===== Data for the task =====
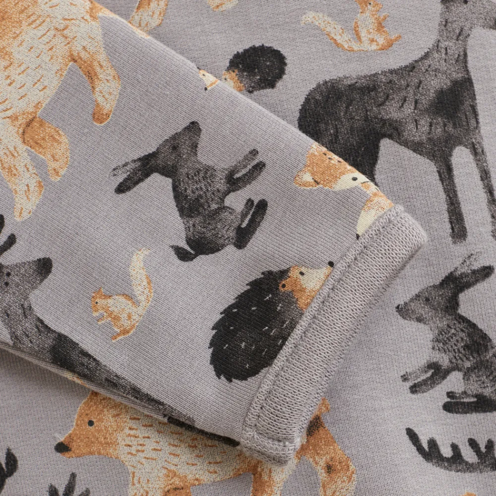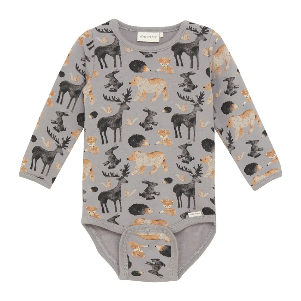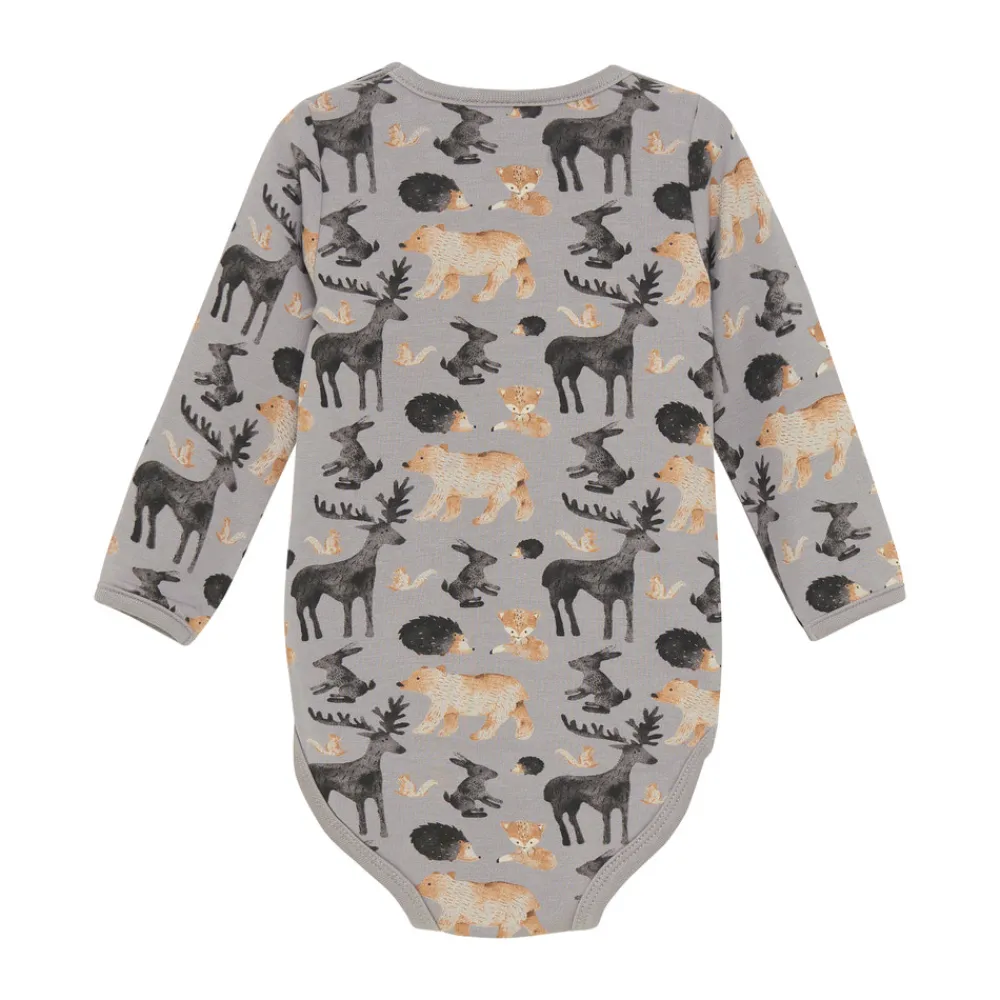 Langærmet body i blødt sweatmateriale med all-over print. Denne komfortable body er fremstillet i et blødt sweatstof, der føles dejligt mod barnets hud. Den er designet med praktiske trykknapper mellem benene, som gør påklædning og bleskift nemt og hurtigt.
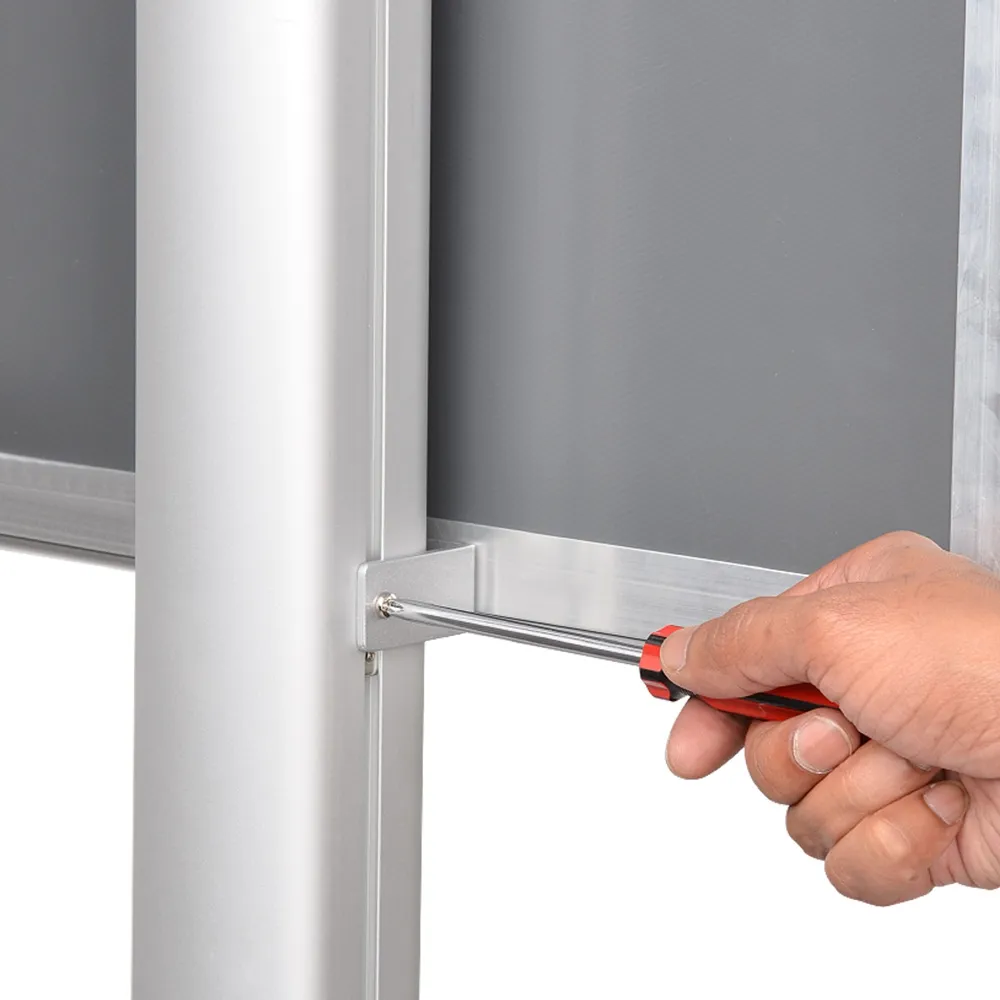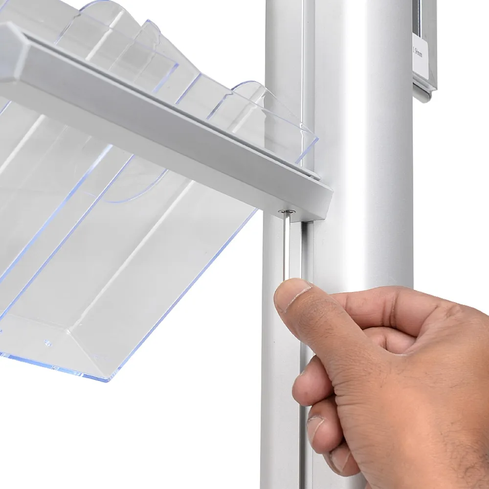 Display holders for brochures use an A2 (420 x 594mm) poster frame to get the attention of passersby, ideal for retail stores, real estate agencies, booths in exhibition halls, and more! The retail literature display utilises a snapframe design to make poster changes quick and easy without any tools necessary. Snap open the four sides, remove the protective lens and existing poster, and replace with the new one in seconds! The protective lens helps keep posters from getting dirty in order to maintain a professional look.
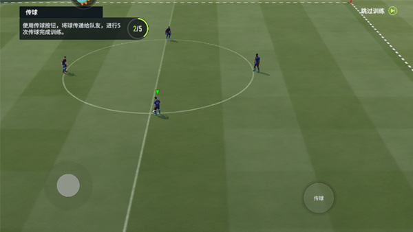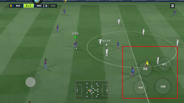 左边虚拟摇杆控制人物移动,右边传球按钮可以将足球传给指定的队友。
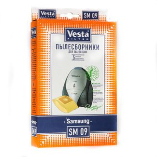Мешки для пылесосов VESTA FILTER SM 09 из специальной двухслойной фильтровальной целлюлозы (бумаги) для пылесосов SAMSUNG Мешки-пылесборники VESTA FILTER SM 09 являются двухступенчатым фильтром из экологически чистой целлюлозы. Обеспечивают максимальную безопасность Вашего пылесоса и чистоту воздуха в помещении. В комплектацию упаковки входит 5 бумажных пылесборников. None Есть доставка.
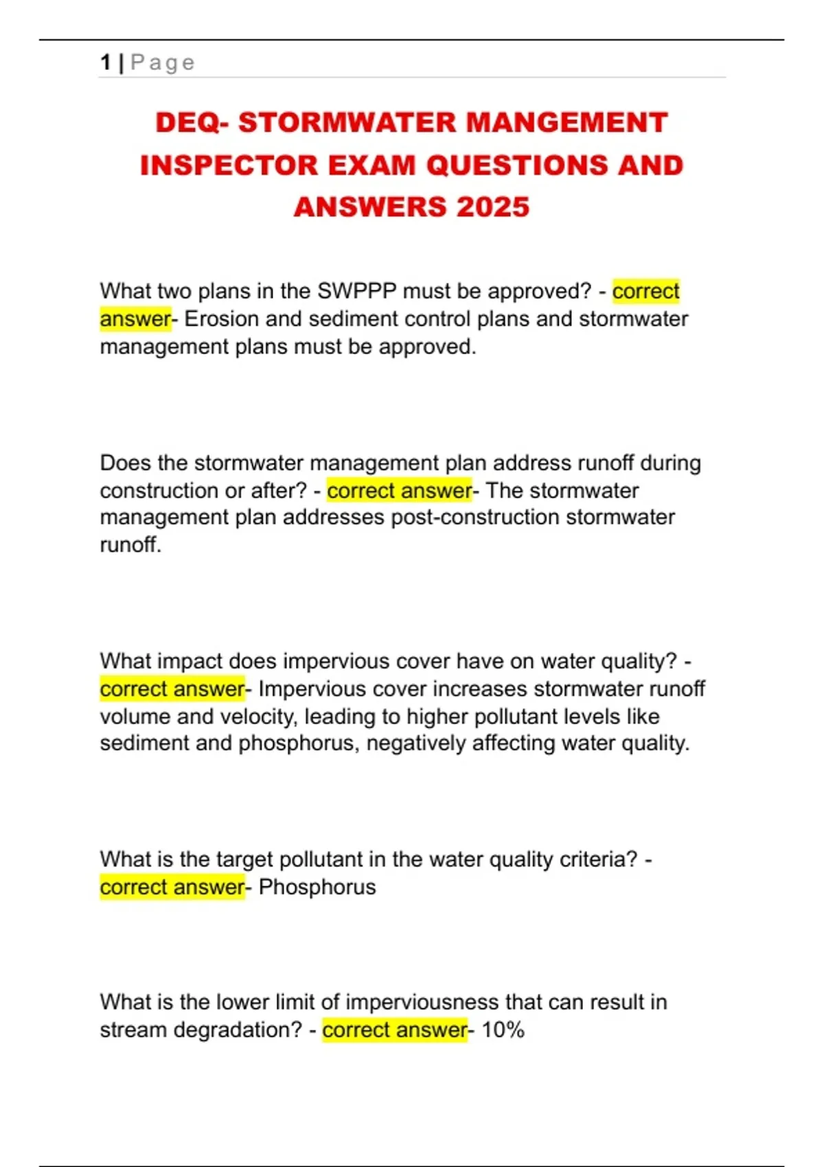 construction or after? - correct answer- The stormwater
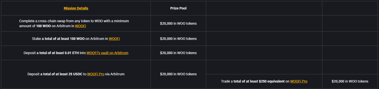 Misez un total de 100 WOO sur Arbitrum dans WOOFi - Gagnez 20 000 $ en jetons WOO
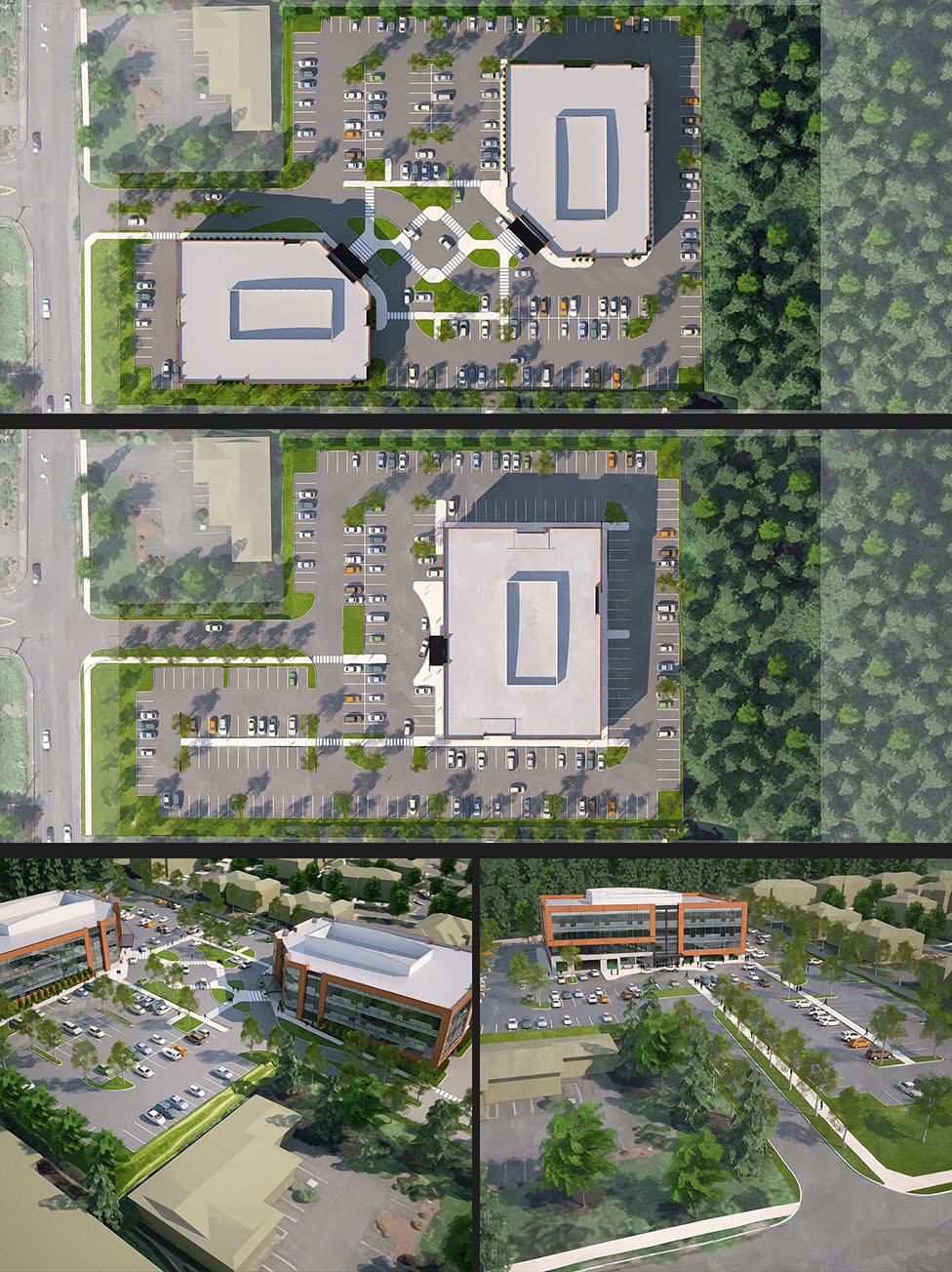 The effort shown on the right, is a study for a development company for a site in Renton, WA. We studied several building sizes and locations on the site, multiple arrival and parking scenarios. It was later used for the pre-application meeting with the City of Renton.
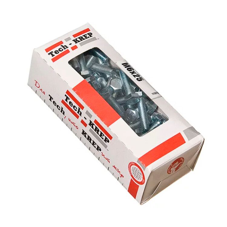 Болт DIN933 с шестигранной головкой оцинк. М6х25 (70 шт) - коробка ок. Tech-Kr ( 0,472 кг) | 105202 Tech-KREP
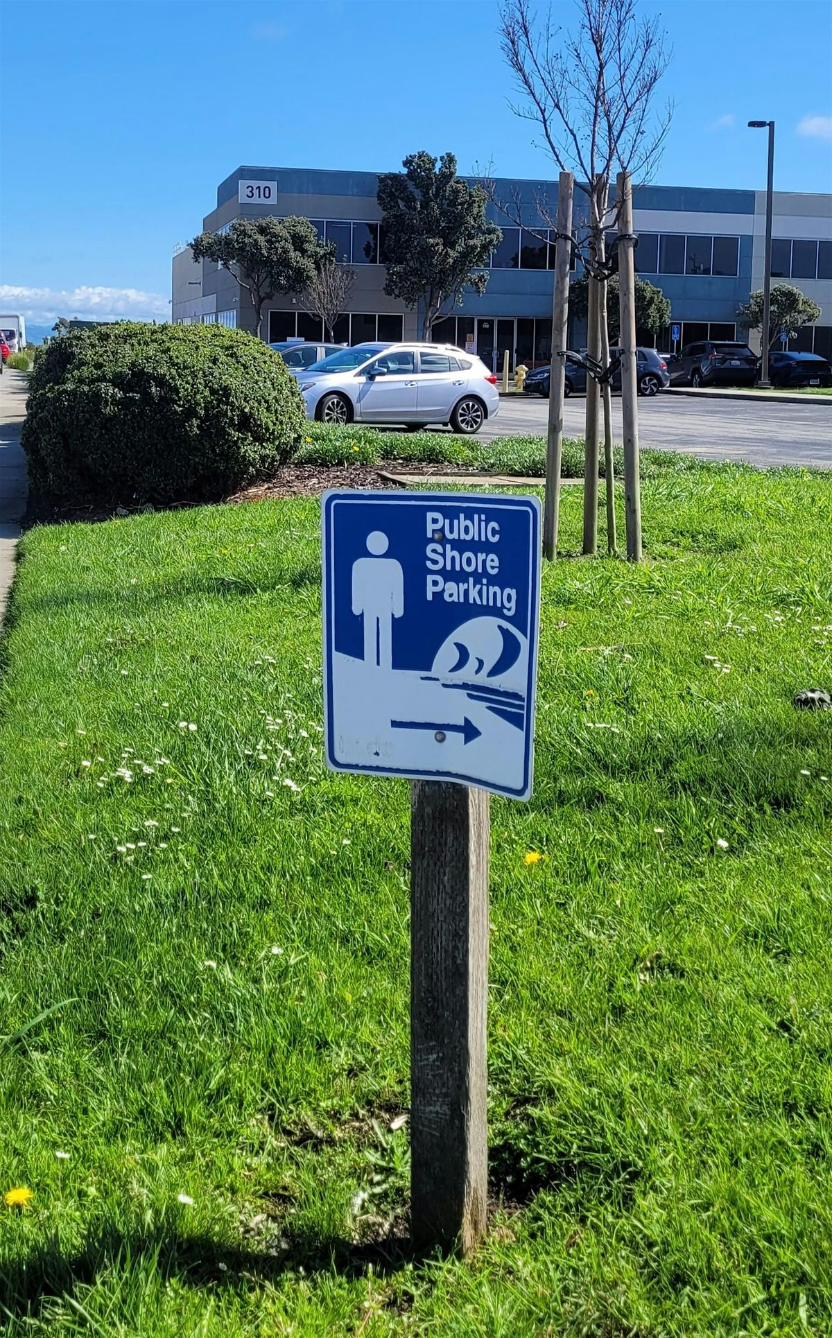 LOOK for the Public Shore Parking Lot Signs and head towards the water to park.
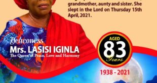 The General Overseer of Champions Royal Assembly, Prophet Joshua Iginla is set to bury his beloved mother, Dcns. Mrs Lasisi Iginla in grandstyle. She slept in the Lord on Thursday, 15th of April, 2021. The funeral arrangements for mother of the internationally acclaimed prophet Iginla have been pegged to ...
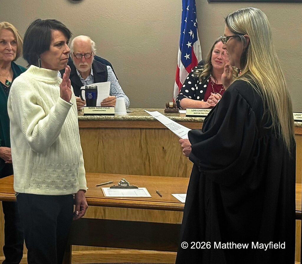 Newly elected city commissioner Dan Campbell was sworn in Tuesday evening January 6, 2026 before the special city commission meeting by Municipal Judge Christine Piancino. Looking on are new Mayor Pro-Tem Mark Honeyfield and new Mayor Lori Chatterley.
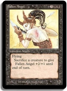 Flying. Sacrifice a creature to give Fallen Angel +2/+1 until end of turn.
=====
● What to do
Only one thing is wanted here, an exact copy of the lines from the first line above through the line containing "The effort shown", minus any picture.

● Written response
 Langærmet body i blødt sweatmateriale med all-over print. Denne komfortable body er fremstillet i et blødt sweatstof, der føles dejligt mod barnets hud. Den er designet med praktiske trykknapper mellem benene, som gør påklædning og bleskift nemt og hurtigt.
 Display holders for brochures use an A2 (420 x 594mm) poster frame to get the attention of passersby, ideal for retail stores, real estate agencies, booths in exhibition halls, and more! The retail literature display utilises a snapframe design to make poster changes quick and easy without any tools necessary. Snap open the four sides, remove the protective lens and existing poster, and replace with the new one in seconds! The protective lens helps keep posters from getting dirty in order to maintain a professional look.
 左边虚拟摇杆控制人物移动,右边传球按钮可以将足球传给指定的队友。
Мешки для пылесосов VESTA FILTER SM 09 из специальной двухслойной фильтровальной целлюлозы (бумаги) для пылесосов SAMSUNG Мешки-пылесборники VESTA FILTER SM 09 являются двухступенчатым фильтром из экологически чистой целлюлозы. Обеспечивают максимальную безопасность Вашего пылесоса и чистоту воздуха в помещении. В комплектацию упаковки входит 5 бумажных пылесборников. None Есть доставка.
 construction or after? - correct answer- The stormwater
 Misez un total de 100 WOO sur Arbitrum dans WOOFi - Gagnez 20 000 $ en jetons WOO
 The effort shown on the right, is a study for a development company for a site in Renton, WA. We studied several building sizes and locations on the site, multiple arrival and parking scenarios. It was later used for the pre-application meeting with the City of Renton.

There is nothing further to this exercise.